* **TASK MATERIAL**:

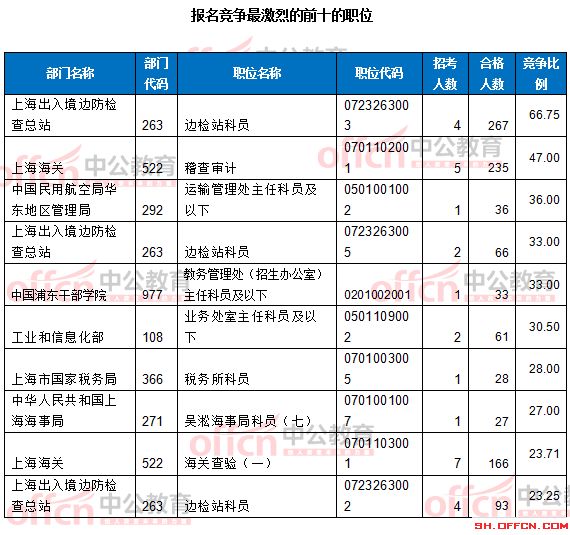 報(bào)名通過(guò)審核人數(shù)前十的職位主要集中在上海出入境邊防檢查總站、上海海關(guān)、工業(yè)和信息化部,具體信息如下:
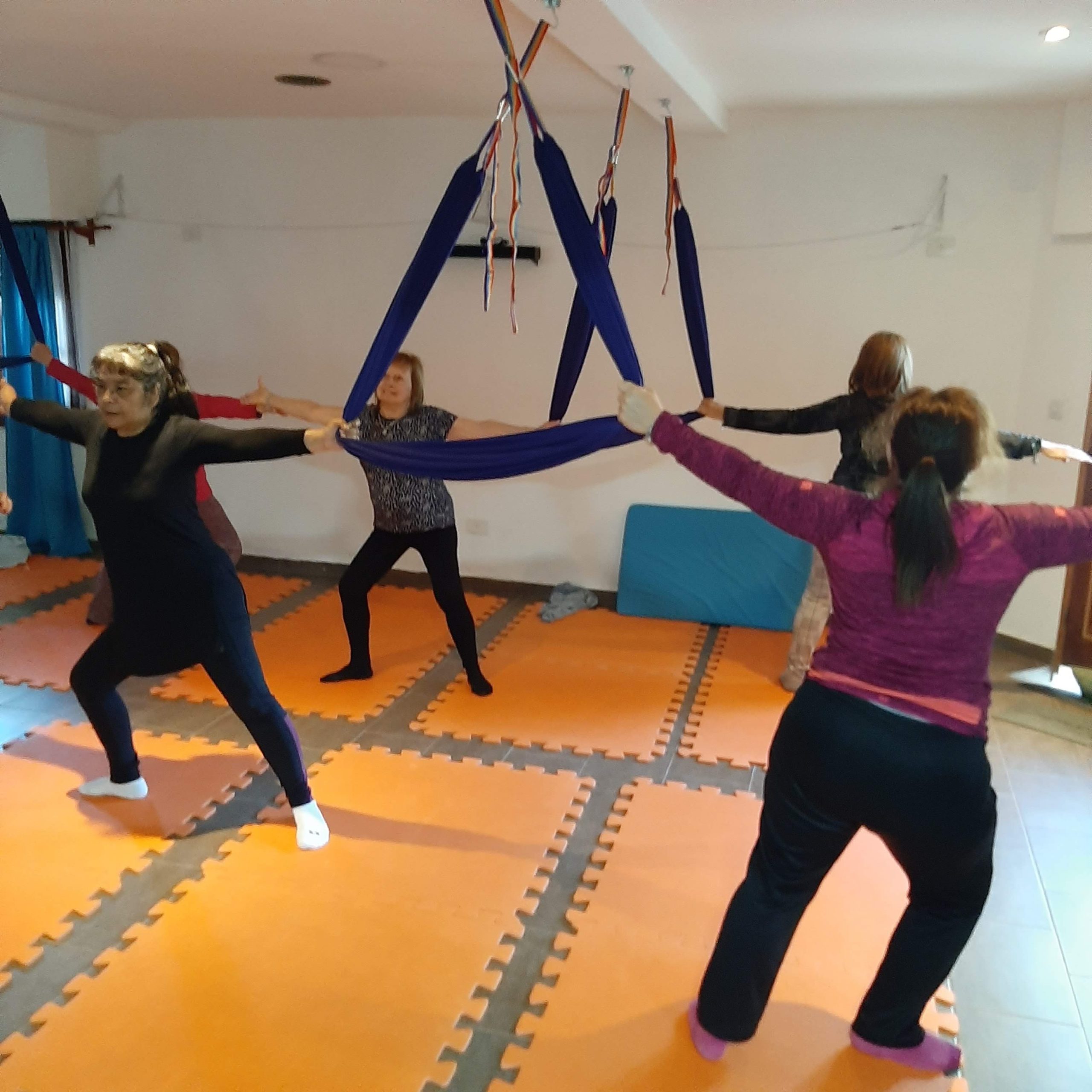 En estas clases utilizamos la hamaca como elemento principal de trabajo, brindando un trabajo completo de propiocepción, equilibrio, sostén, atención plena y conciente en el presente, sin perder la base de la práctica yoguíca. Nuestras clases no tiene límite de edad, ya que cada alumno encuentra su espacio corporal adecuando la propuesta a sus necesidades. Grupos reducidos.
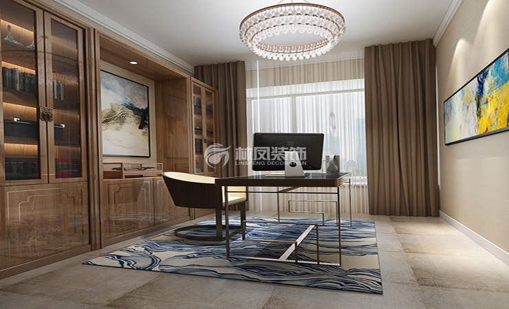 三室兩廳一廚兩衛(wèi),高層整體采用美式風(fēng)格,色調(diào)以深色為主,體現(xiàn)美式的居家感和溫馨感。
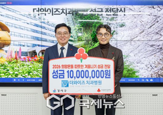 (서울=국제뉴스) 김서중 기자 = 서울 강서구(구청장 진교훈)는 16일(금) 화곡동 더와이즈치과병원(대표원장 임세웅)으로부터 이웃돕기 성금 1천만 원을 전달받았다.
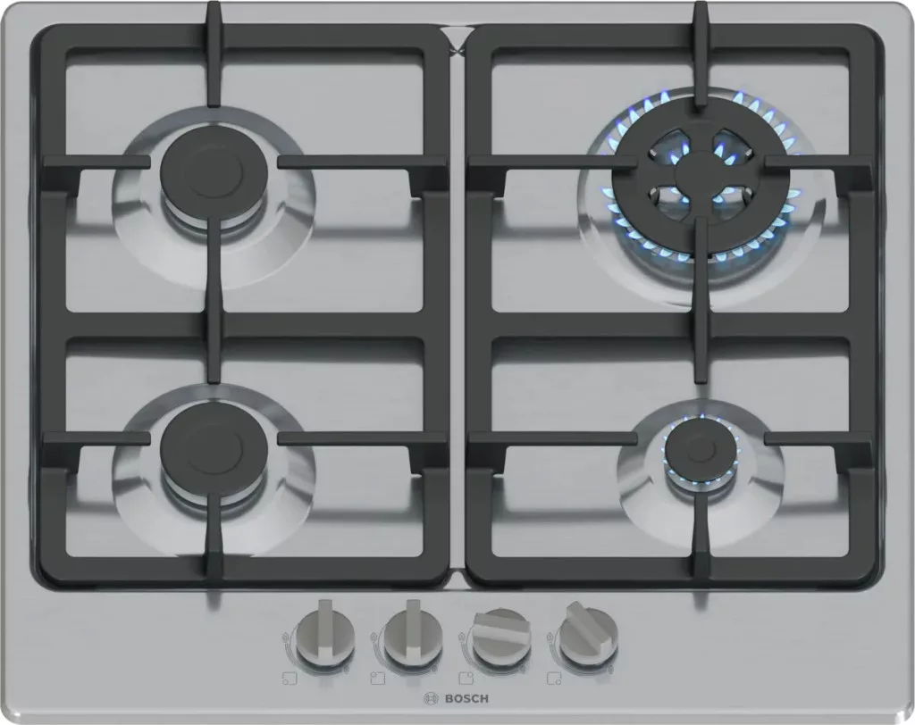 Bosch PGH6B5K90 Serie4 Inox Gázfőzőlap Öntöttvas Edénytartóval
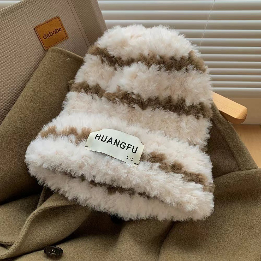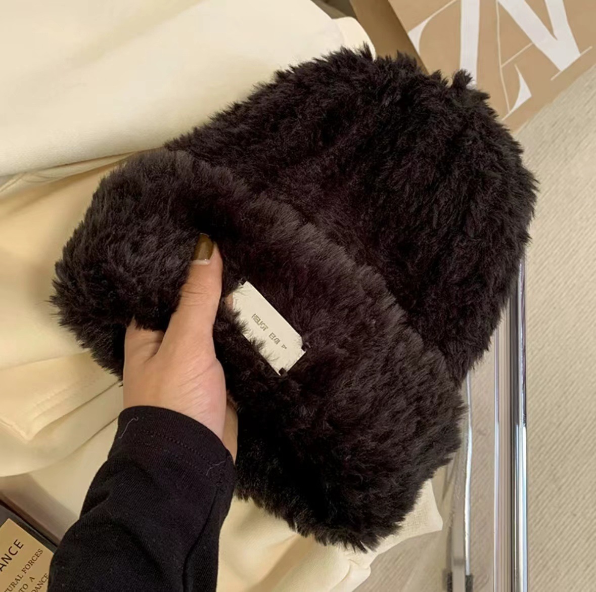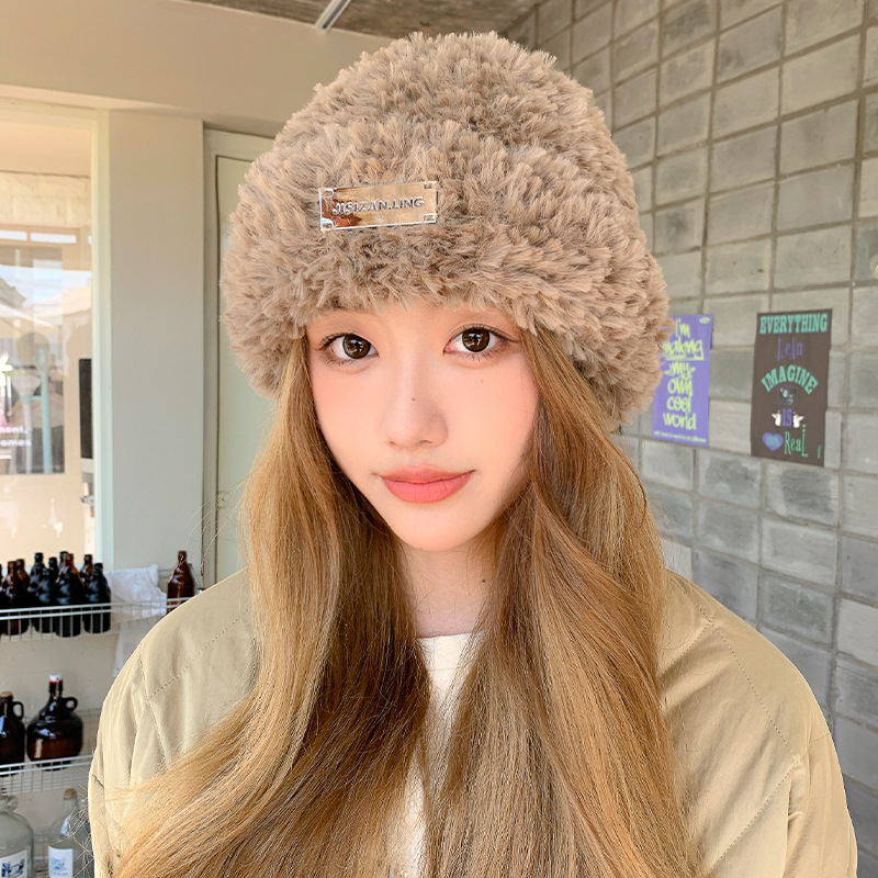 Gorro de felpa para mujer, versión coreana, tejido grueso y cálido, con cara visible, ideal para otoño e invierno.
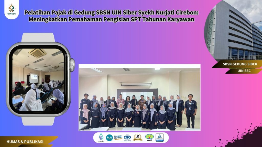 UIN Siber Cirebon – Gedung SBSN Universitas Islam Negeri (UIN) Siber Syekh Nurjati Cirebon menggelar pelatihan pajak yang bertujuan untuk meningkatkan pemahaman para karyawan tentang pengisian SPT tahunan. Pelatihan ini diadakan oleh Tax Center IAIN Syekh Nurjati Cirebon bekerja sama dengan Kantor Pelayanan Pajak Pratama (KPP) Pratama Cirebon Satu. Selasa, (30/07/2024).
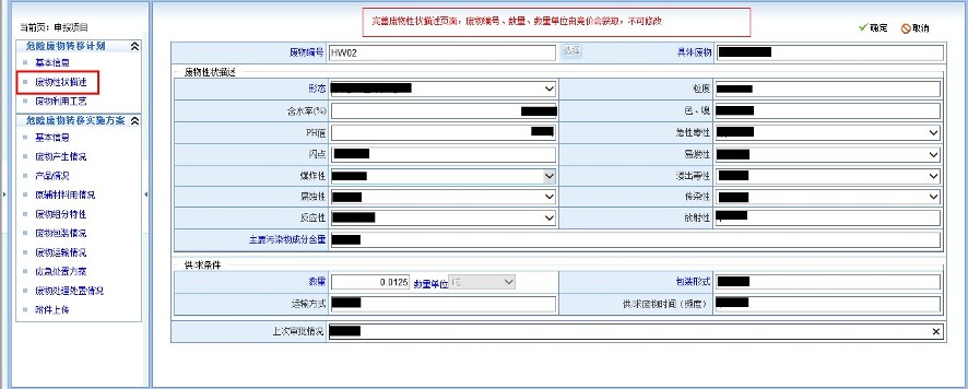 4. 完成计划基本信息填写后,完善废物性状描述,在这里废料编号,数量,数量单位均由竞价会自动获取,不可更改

* **AIM OF THE TASK**: Please, without any of the pictures, set down exactly the lines from the beginning of the listing to the line that contains "Bosch PGH6B5K90 Serie4", inclusive.

* **YOUR SOLUTION**:
 報(bào)名通過(guò)審核人數(shù)前十的職位主要集中在上海出入境邊防檢查總站、上海海關(guān)、工業(yè)和信息化部,具體信息如下:
 En estas clases utilizamos la hamaca como elemento principal de trabajo, brindando un trabajo completo de propiocepción, equilibrio, sostén, atención plena y conciente en el presente, sin perder la base de la práctica yoguíca. Nuestras clases no tiene límite de edad, ya que cada alumno encuentra su espacio corporal adecuando la propuesta a sus necesidades. Grupos reducidos.
 三室兩廳一廚兩衛(wèi),高層整體采用美式風(fēng)格,色調(diào)以深色為主,體現(xiàn)美式的居家感和溫馨感。
 (서울=국제뉴스) 김서중 기자 = 서울 강서구(구청장 진교훈)는 16일(금) 화곡동 더와이즈치과병원(대표원장 임세웅)으로부터 이웃돕기 성금 1천만 원을 전달받았다.
 Bosch PGH6B5K90 Serie4 Inox Gázfőzőlap Öntöttvas Edénytartóval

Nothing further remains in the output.